第六十七話 自決を命令・強要することはあり得ない

山下 輝男


 大東亜戦争末期沖縄における戦いの中で、住民の集団自決があり、それは軍命令によるものだとした大江健三郎氏の著書を巡る名誉棄損訴訟が行われ、2011年結審し、原告側の敗訴が確定している。

1 座間味、渡嘉敷両島の集団自決と裁判
 沖縄戦開始直後の昭和20年3月下旬、両島に上陸した米軍に追い詰められた多数の住民が手榴弾のほか、鎌や鍬などを使って自決した。死者は座間味島で約130人、渡嘉敷島で300人余りとされるが、正確な人数は不明である。
 住民の集団自決を命じたなどとする記述で名誉を傷つけられたとして、座間味守備隊
 長梅澤裕元少佐(故人)、渡嘉敷守備隊長赤松嘉次元大尉の弟等が、岩波書店と作家の大江健三郎に著書「沖縄ノート」の出版差し止めや損害賠償などを求めた訴訟があった。
 この上告審で、最高裁第1小法廷(白木勇裁判長)は、2011(H23)4月21日に、原告側の上告を退ける決定をした。大江氏側の勝訴が確定した。

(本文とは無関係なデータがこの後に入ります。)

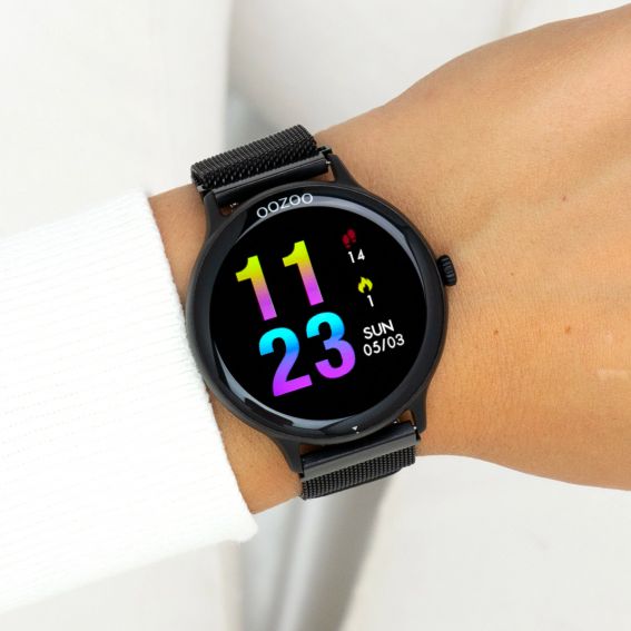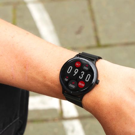 This OOZOO brand watch is a connected watch compatible with Android and iPhone. The entire dial is tactile. This one measures 45mm in diameter and 12mm thick.
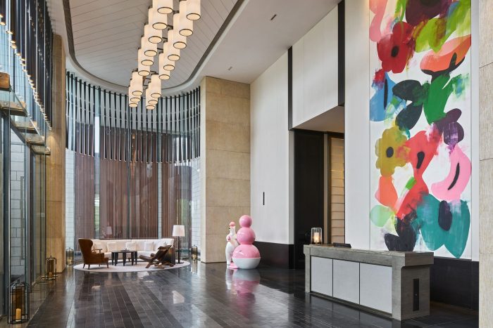 Designed by Goettsch Partners, Rosewood Sanya, and Sanya Forum is Located at the southern end of Hainan Island in the city of Sanya, China, the complex focuses on two conceptual design elements: a “lighthouse” for the hotel and serviced apartment tower and a complimentary “rock formation” for the convention center. The 46-story hotel and serviced apartment tower rise from a conceptual outcropping of rock to become an iconic symbol of Haitang Bay, its glowing beacon visible from any direction. A unique resort in the sky, the building is organized vertically, with the arrival sequence, landscape, and incorporation of water and views all considered integral to the guest experience.

2 軍の強制性の有無に関する双方の主張(名誉棄損関連は除いた。)
(1)否定する側
・梅澤裕、赤松嘉次は「集団自決」命令を発していない
・命令によるとの証言は援護法適用のためのものである
・宮城晴美の『母の遺したもの』により、梅澤裕が命令を発していない事が明らか
・曽野綾子の『ある神話の背景』により、赤松嘉次が命令を発していない事が明らか 
・梅澤裕は自決用の弾薬などを求める村民に対し、「帰れ、死んではいけない」と述 べている


(2)被告側の主張
・梅澤裕、赤松嘉次は「集団自決」命令を発した、もしくは発したと信じる十分な理由がある
・梅澤命令説、赤松命令説は、援護法適用以前から存在する。それを示す多数の資料や文献が存在する
・宮城『母の遺したもの』はむしろ、軍命があったことを裏付けている。宮城の母と梅澤とのやりとりの内容は、原告の主張とは大きく隔たっている
・曽野は、当時兵事主任で赤松隊の命令を伝達した富山に1969年に取材し、「軍命」の証言を得ているにもかかわらず「会ったことはない」と虚偽の証言をしている。『ある神話の―』は、一方的な見方で不都合な要素を切り捨てており、信用性があるとは言えない。
・梅澤が弾薬提供を拒んだのは、敵を倒すための物を自殺になど使わせたくなかったからであって“死ぬな、命を大切にしろ”という意味ではない。



3 論点
 住民に対する自決命令の有無が争点だった筈だし、その点については、裁判所は、軍命令があったと断定できる証拠はないと認めていた。然しながら、「関与があった」との曖昧模糊としたものを根拠として、原告棄却している。論点が変わったような気がする。鬼畜米英に何されるか解らないのであれば、死ぬのも止むを得ないとの集団心理や空気は多分にあったのだろう。断じて言えることは、国民を保護すべき軍が住民に自決を命令することはあり得ない。もし仮に、有ったとしたら、それは違法な命令だ。全ての将兵が解っていた筈だ。